Still, let’s take this one step further. On Wikipedia’s “Supermajor” page:
“As a group, the supermajors control about 5% of global oil and gas reserves with largest supermajor, ExxonMobil, ranked 14th. Conversely, 95% of global oil and gas reserves are controlled by state-owned oil companies, primarily located in the middle east.”

The idea that “Big Oil” wields drastic power over the world oil price is a farce. They pump ~20% of the supply and hold 5% of the reserves. OPEC, Russia, and a few others are the ones holding the power here. Our leaders have put us in a stupid position and effectively have no plan. Obviously, we need to take a multi-pronged approach to fixing it. Alternatives are undoubtedly the future, but by they are not ready now. We are close. But to say fossil fuels don’t play a majority role in the 5-20 year economic plan is a denial of reality. Our economy needs to be healthy, so when alternative are ready, they can be integrated into our infrastructure. Until then, what do you suggest we use besides oil, gas, and coal? Personally, I don’t see a thing that can do it. So the question I ask is, where is the oil going to come from? Russia? OPEC? (YIKES!) Or the U.S.?

Let’s be honest. No one is seriously advocating drilling without regard for the environment, but rather balancing the economic future against some environmental sacrifice. Our country has strong environmental regulations, and this is why I am willing to make this trade-off. More bluntly, trusting OPEC, Russia, and the like with an increasing portion of our energy supply is a risk I am unwilling to take. We should take the responsibility on our future energy supplies, and this means both more domestic oil and renewable alternatives. Americans just need to stand up and demand it.

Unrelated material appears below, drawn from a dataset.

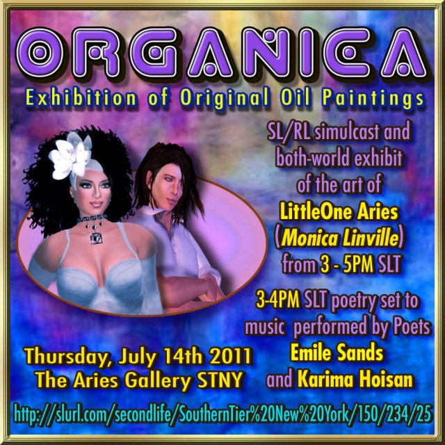 While the Real Life exhibition of Monica Linville (Littleone Arias in SL) is taking place at the House of Creative Soul in Saratoga Springs, NY, the Second Life simultaneous event will take place at the Aries Gallery STNY, and we will be seen and heard reading there by not only the audience in SL, but also in the gallery in N.Y. through a simultaneous broadcast. Those gathering in SL at Littleone’s gallery will also be able to see the show in N.Y. through a live video stream. This is a first for me and for Emile and we are so excited about being invited to participate. Littleone is a very accomplished and amazing artist, and I have written several original poems inspired by the paintings for this show. After our reading, classical guitarist Voodoo Shilton will perform at 4pmslt.

Posted by: Mr. Haney at June 21, 2008 07:39 PM
Comment #256304

Maybe I am cynical but there isn’t single sentence uttered by either candidate that indicates what he would do if elected. Especially before the actual convention. They hold focus groups, find what is popular at that time and proceed to tell us what is decided the public wants to hear. Obama is winning at this meaningless rhetoric by using the same demeanor as a used car salesman. Examining past records and associations are all logic dictates at this point. So far Obama has a practice of throwing associates to the wolves. Not a good trait.
Is it good to help the Iraqis or not? The use of our professionals in making their oil industry profitable like ours is a noble thing. Bush and his father worked with and owned an independent oil company in his past.. One of the small backyard drillers. They are in competition with major ones so the cronyism doesn’t exist any more than Clinton or Reagan had with majors and the Saudis. They were all representatives of the US and its energy needs. Halliburton is a service company that oil companies use. They have equipment and trucks for hire. The best in the industry. They aren’t an oil company. They are contracted to help deliver it from the reservoir for big and small companies; therefore cronyism doesn’t exist with Cheney either.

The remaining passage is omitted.